#### WHAT IS NEEDED
Output the entries below unchanged, except for the pictures.

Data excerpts
▼
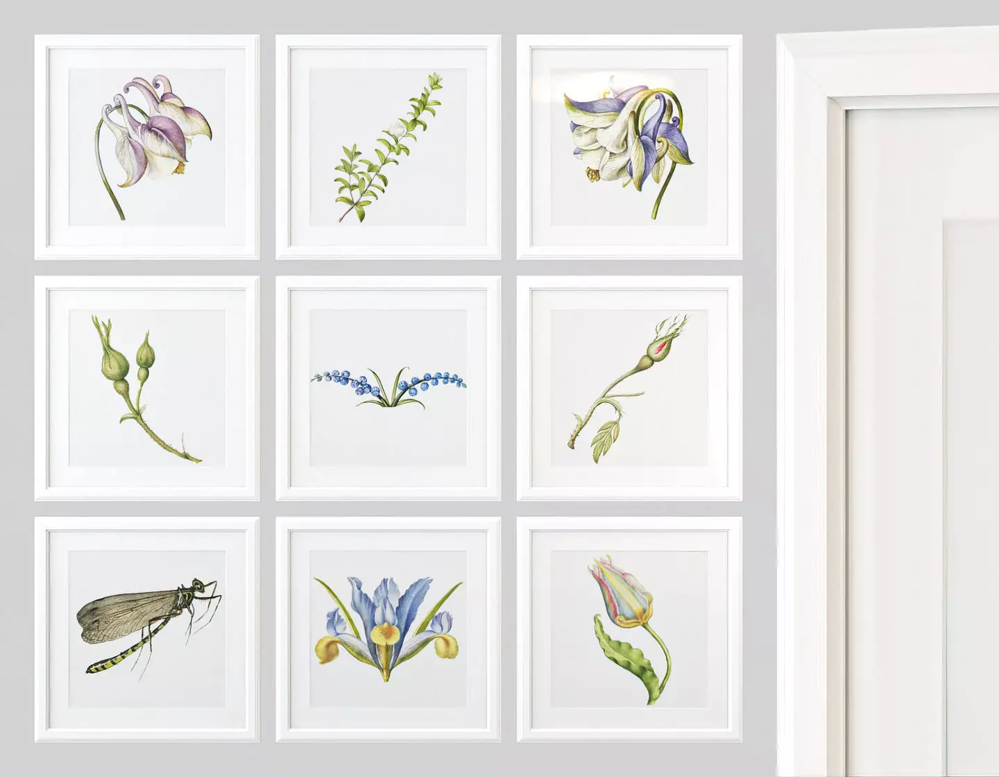 A set of paintings with vintage illustrations of flowers in white square frames Ikea with passepartout.
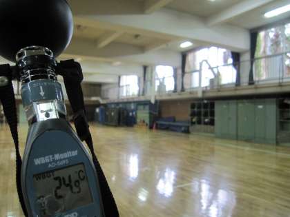 今日は、体育館と格技室での部活動が予定されています。顧問は早めに出勤し、体育館、格技室の換気やエアコン、スポットクーラー、大型扇風機の準備をしています。現在の熱中症指数は24度台です。油断せずにこまめな水分補給、休憩をとりながら活動してまいります。
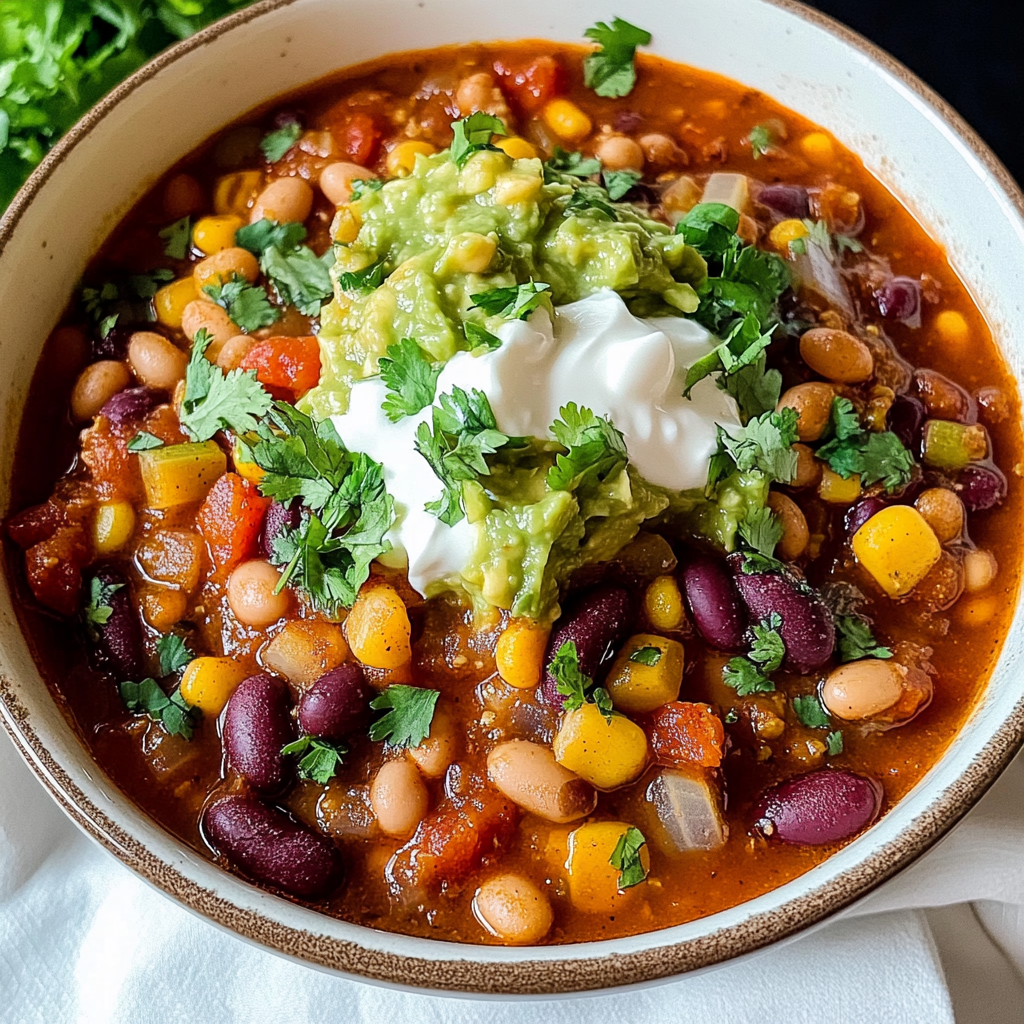 - Flavorful and Filling: Packed with beans, spices, and fresh ingredients, this chili is both satisfying and delicious.
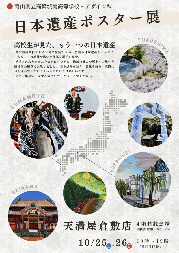 10月25日、26日の2日間、天満屋倉敷店にて、本校デザイン科の生徒による「日本遺産ポスター展」を開催しました。
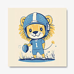Lucky the Touchdown Lion Gallery Wrapped Canvas by Dancing Littles Jungle - Size 18x24 Inch
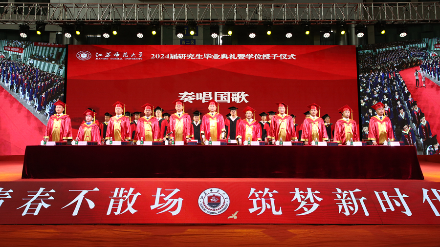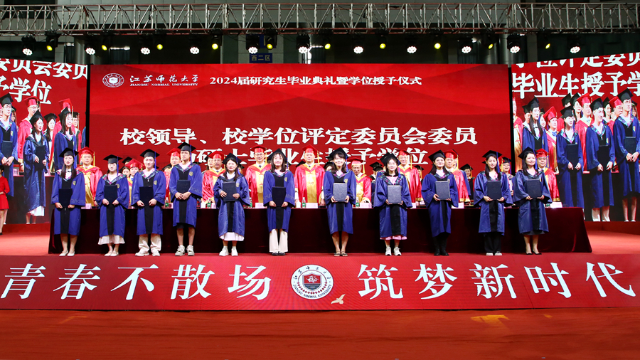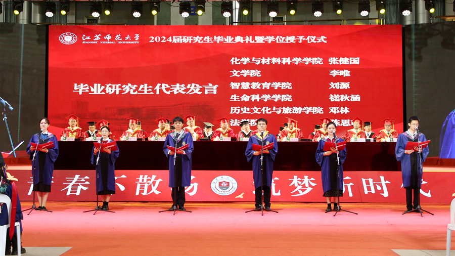 全體2024屆畢業研究生將肩負“江蘇師大人”這個值得珍藏一生的印記,在廣闊的舞臺施展才干,為偉大的祖國建功立業,無懼風雨,奔赴夢想,奮力書寫為中國式現代化挺膺擔當的青春篇章。
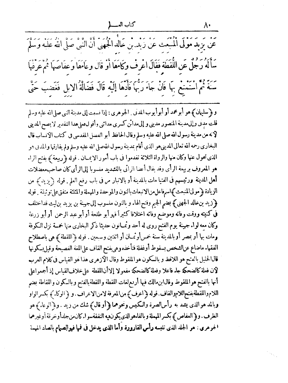 و (سليمان) هو أبو محمد أو أبو أبوب المدني الجوهري: إذا نسبت إلي مدينة النبي صلي الله عليه وسلم قلت مدني وإلي مدينة المنصور مديني وإلي مدائن كسري وأقول فعلي هذا التقدير لا يصبح المديني لأنه من مدينة رسول الله صلي الله عليه وسلم وقال الحافظ أبو الفضل المقدسي في كتاب الأنساب قال البخاري رحمه الله تعالي المديني هو الذي أقام بمدينة رسول الله صلي الله عليه وسلم ولم يفارقها والمدني هو الذي تحول عنها وكان منها والرواة الثلاثة تقدموا في باب أمور الإيمان. قوله (ربيعة) بفتح الراء هو المعروف بربيعة الرأي وقد يقال أيضا الرائي بالتشديد منسوبا إلي الرأي كان صاحب معضلات أهل المدينة ورئيسهم في الفتيا مات بالمدينة أو بالإنبار مر في باب رفع العلم. قوله (يزيد) من الزيادة (مولي المنبعث) اسم فاعل من الإنبعاث بالنون والموحدة المهملة والمثلثة متفق علي توثيقة. قوله (زيد بن خالد الجهني) بضم الجيم وفتح الهاء وبالنون منسوب إلي جهينة بن يزيد بن ليث قد اختلف في كنيته ووقت وفاته وموضع وفاته اختلافا كثيرا فهو أبو طلحة أو أبو عبد الرحمن أبو عبد الرحمن أو أبو زرعة وكان معه لواء جهينة يوم الفتح روي له أحد وثمانون حديثا ذكر البخاري منها خمسة نزل الكوفة ومات بها أو بمصر أو بالمدينة سنة خمس أو ثمان أو اثنتين وسبعين. قوله (اللقطة) هي باصطلاح الفقهاء ما ضاع عن الشخص بسقوط أو غفلة فتأخذه وهي بفتح القاف علي اللغة الفصيحة وقيل بسكونها قال الخليل بالفتح هو اللاقط وبالسكون هو الملقوط وقال الأزهري هذا هو القياس في كلام العرب لأن فعلة كالضحكة جاء فاعلا وفعلة كالضحكة مفعولا إلا أن اللقطة علي خلاف القياس إذ أجمعوا علي أنها بالفتح هو الملقوط وقال ابن مالك فيها أربع لغات اللقطة واللقطة بالفتح وبالسكون واللقاطة بضم اللام واللقطة بفتح اللام والقاف. قوله (اعرف) من المعرفة لا من الأعراف. و (الوكاء) بكسر الواو وبالمد هو الذي يشد به رأس الصرة والكيس ونحوهما (أو قال) شك من زيد. و (الوعاء) هو الظرف. و (العفاص) بكسر المهملة وبالفاء هو الذي يكون فيه النفقة سواء كان من جلد أو خرقة أو غيرهما الجوهري: هو الذي تلبسه رأس القارورة وأما يدخل في فمها فهو الصيام بالصاد المهملة
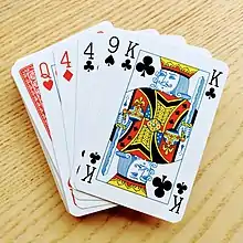 Royal Marriage is a patience or solitaire game using a deck of 52 playing cards.[1] It is an eliminator game in the style of the solitaire game Accordion. The game is so called because the player seems to remove anything that comes between the Queen and the King of the same suit for them to "marry." It also goes under the name Royal Wedding[2] or Matrimony.[3]
▲
#### ANSWER BOX
 A set of paintings with vintage illustrations of flowers in white square frames Ikea with passepartout.
 今日は、体育館と格技室での部活動が予定されています。顧問は早めに出勤し、体育館、格技室の換気やエアコン、スポットクーラー、大型扇風機の準備をしています。現在の熱中症指数は24度台です。油断せずにこまめな水分補給、休憩をとりながら活動してまいります。
 - Flavorful and Filling: Packed with beans, spices, and fresh ingredients, this chili is both satisfying and delicious.
 10月25日、26日の2日間、天満屋倉敷店にて、本校デザイン科の生徒による「日本遺産ポスター展」を開催しました。
Lucky the Touchdown Lion Gallery Wrapped Canvas by Dancing Littles Jungle - Size 18x24 Inch
 全體2024屆畢業研究生將肩負“江蘇師大人”這個值得珍藏一生的印記,在廣闊的舞臺施展才干,為偉大的祖國建功立業,無懼風雨,奔赴夢想,奮力書寫為中國式現代化挺膺擔當的青春篇章。
 و (سليمان) هو أبو محمد أو أبو أبوب المدني الجوهري: إذا نسبت إلي مدينة النبي صلي الله عليه وسلم قلت مدني وإلي مدينة المنصور مديني وإلي مدائن كسري وأقول فعلي هذا التقدير لا يصبح المديني لأنه من مدينة رسول الله صلي الله عليه وسلم وقال الحافظ أبو الفضل المقدسي في كتاب الأنساب قال البخاري رحمه الله تعالي المديني هو الذي أقام بمدينة رسول الله صلي الله عليه وسلم ولم يفارقها والمدني هو الذي تحول عنها وكان منها والرواة الثلاثة تقدموا في باب أمور الإيمان. قوله (ربيعة) بفتح الراء هو المعروف بربيعة الرأي وقد يقال أيضا الرائي بالتشديد منسوبا إلي الرأي كان صاحب معضلات أهل المدينة ورئيسهم في الفتيا مات بالمدينة أو بالإنبار مر في باب رفع العلم. قوله (يزيد) من الزيادة (مولي المنبعث) اسم فاعل من الإنبعاث بالنون والموحدة المهملة والمثلثة متفق علي توثيقة. قوله (زيد بن خالد الجهني) بضم الجيم وفتح الهاء وبالنون منسوب إلي جهينة بن يزيد بن ليث قد اختلف في كنيته ووقت وفاته وموضع وفاته اختلافا كثيرا فهو أبو طلحة أو أبو عبد الرحمن أبو عبد الرحمن أو أبو زرعة وكان معه لواء جهينة يوم الفتح روي له أحد وثمانون حديثا ذكر البخاري منها خمسة نزل الكوفة ومات بها أو بمصر أو بالمدينة سنة خمس أو ثمان أو اثنتين وسبعين. قوله (اللقطة) هي باصطلاح الفقهاء ما ضاع عن الشخص بسقوط أو غفلة فتأخذه وهي بفتح القاف علي اللغة الفصيحة وقيل بسكونها قال الخليل بالفتح هو اللاقط وبالسكون هو الملقوط وقال الأزهري هذا هو القياس في كلام العرب لأن فعلة كالضحكة جاء فاعلا وفعلة كالضحكة مفعولا إلا أن اللقطة علي خلاف القياس إذ أجمعوا علي أنها بالفتح هو الملقوط وقال ابن مالك فيها أربع لغات اللقطة واللقطة بالفتح وبالسكون واللقاطة بضم اللام واللقطة بفتح اللام والقاف. قوله (اعرف) من المعرفة لا من الأعراف. و (الوكاء) بكسر الواو وبالمد هو الذي يشد به رأس الصرة والكيس ونحوهما (أو قال) شك من زيد. و (الوعاء) هو الظرف. و (العفاص) بكسر المهملة وبالفاء هو الذي يكون فيه النفقة سواء كان من جلد أو خرقة أو غيرهما الجوهري: هو الذي تلبسه رأس القارورة وأما يدخل في فمها فهو الصيام بالصاد المهملة
 Royal Marriage is a patience or solitaire game using a deck of 52 playing cards.[1] It is an eliminator game in the style of the solitaire game Accordion. The game is so called because the player seems to remove anything that comes between the Queen and the King of the same suit for them to "marry." It also goes under the name Royal Wedding[2] or Matrimony.[3]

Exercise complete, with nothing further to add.